One day, Ngai led Gikuyu, father of the Gikuyu nation, to the misty peaks of the sacred mountain. Pointing out the beauty of the land lying below he said:”You shall carve your inheritance from this land, it shall belong to you and your children’s children to be passed from generation to generation until the twilight of existence.”And so it became. The Agikuyu were given the land of rivers and ravines, of hills and valleys, of forests with all the creatures therein, and all the gifts of nature that Mugai, divider of the Universe had bestowed on his people.

As the morning sun broke through the misty skies, Gikuyu did as his creator had commanded. He descended to Mukurwe wa Gathanga where a grove of sacred fig trees grew in rich red earth.Resting in the shade of the sacred grove, he found the most beautiful of women. Taking her to be his wife, he named her Mumbi, the creator or moulder of the tribe.From the sacred Mukuyu  grove, Gikuyu took his name. Together, Gikuyu and Mumbi built a home and gave birth to nine daughters.

Away from Myth

The (Mugumo/Mukuyu) fig tree is one of the more frequently mentioned trees in the Scriptures. It was from its leaves that Adam and Eve made their first covering (Gen. 3:7). The fig tree was valued first of all for its delicious, sweet fruit (Judges 9:11). It was also a symbol of prosperity and security: “and Judah and Israel dwelt safely, every man under his vine and under his fig tree” (1 Kings 4:25). It was an enjoyable thing to rest, meditate on God’s word, and pray in the shade of the fig tree. (John 1:48)
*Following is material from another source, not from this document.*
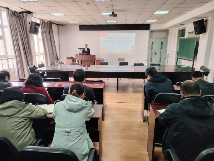 为巩固党纪学习教育成果,深入贯彻中央八项规定精神学习教育,推进作风建设常态化长效化,现代农业与生态环境学院党委按照学校《关于开展黑龙江大学深入贯彻中央八项规定精神学习教育宣讲的通知》要求,于5月7日下午在农学楼321会议室组织召开理论宣讲活动。学院特邀马克思主义学院副院长文记东作主题讲座。学院党委副书记穆丹阳主持会议,学院师生党员代表参加学习。
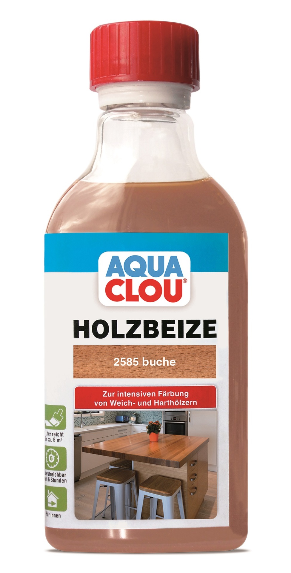 Wässrige, gebrauchsfertige und umweltschonende Pigmentbeize auf Acrylatbasis mit intensiver Porenbeizung. Durch spezielle Bindemittelzusätze werden die Pigmente sehr gut auf der Holzoberfläche fixiert, so dass sich diese Beize für das Überlackieren sowohl mit wasserverdünnbarer als auch mit lösemittelhaltigen CLOU Holzlacken eignet. Die Behandlung der gebeizten Fläche mit CLOU Holzölen ist ebenfalls möglich. Aufgrund des hohen Pigmentanteils ist AQUA CLOU Holzbeize besonders lichtecht, das Holz wird gleichmäßig eingefärbt und das Strukturbild bleibt vollständig erhalten. Für die farbige Gestaltung von rohen Holzoberflächen im gesamten Innenbereich, z. B. Möbel, Innentüren, profilierte Teile, Leisten. AQUA CLOU Holzbeize ist sowohl fürfeinporige Holzarten wie Ahorn, Birke, Buche, Erle und Kirschbaum als auch für grobporige Holzarten wie Eiche, Esche, Mahagoni und Nussbaum geeignet.

Figs are considered characteristic fruit for the land of Palestine. The best loved and most nutritious were the spring fruits, which ripened in May and referred to as figs in the fig tree of the first time (Hosea 9:10). The main harvesting of figs occurred in the later months of the summer and in the fall. Those figs were called late figs. They were inferior in their quality. The poorest ones were even fed to cattle.

The Fig Tree as a Symbol

Some places in the Bible indicate that the fig tree also has a symbolic meaning. One of the Lord’s miracles is most intriguing when his curse of the fig tree caused it to wither. This seems to have been the only miracle in which Jesus used his power to destroy, to annihilate something. It also is the only miracle which was of no benefit to anyone. All others were done for men. The Lord multiplied bread, healed diseases, raised the dead. This miracle was as if in conflict with our Master’s disposition, who to the suggestion of destroying the wicked, answered back to his disciples: “Ye know not what manner of spirit ye are of”. (Luke 9:55). All these facts imply an exceptional character of that miracle and its symbolic meaning. But to understand this symbolism, the miracle must be considered in the light of our Lord’s parable of the barren fig tree.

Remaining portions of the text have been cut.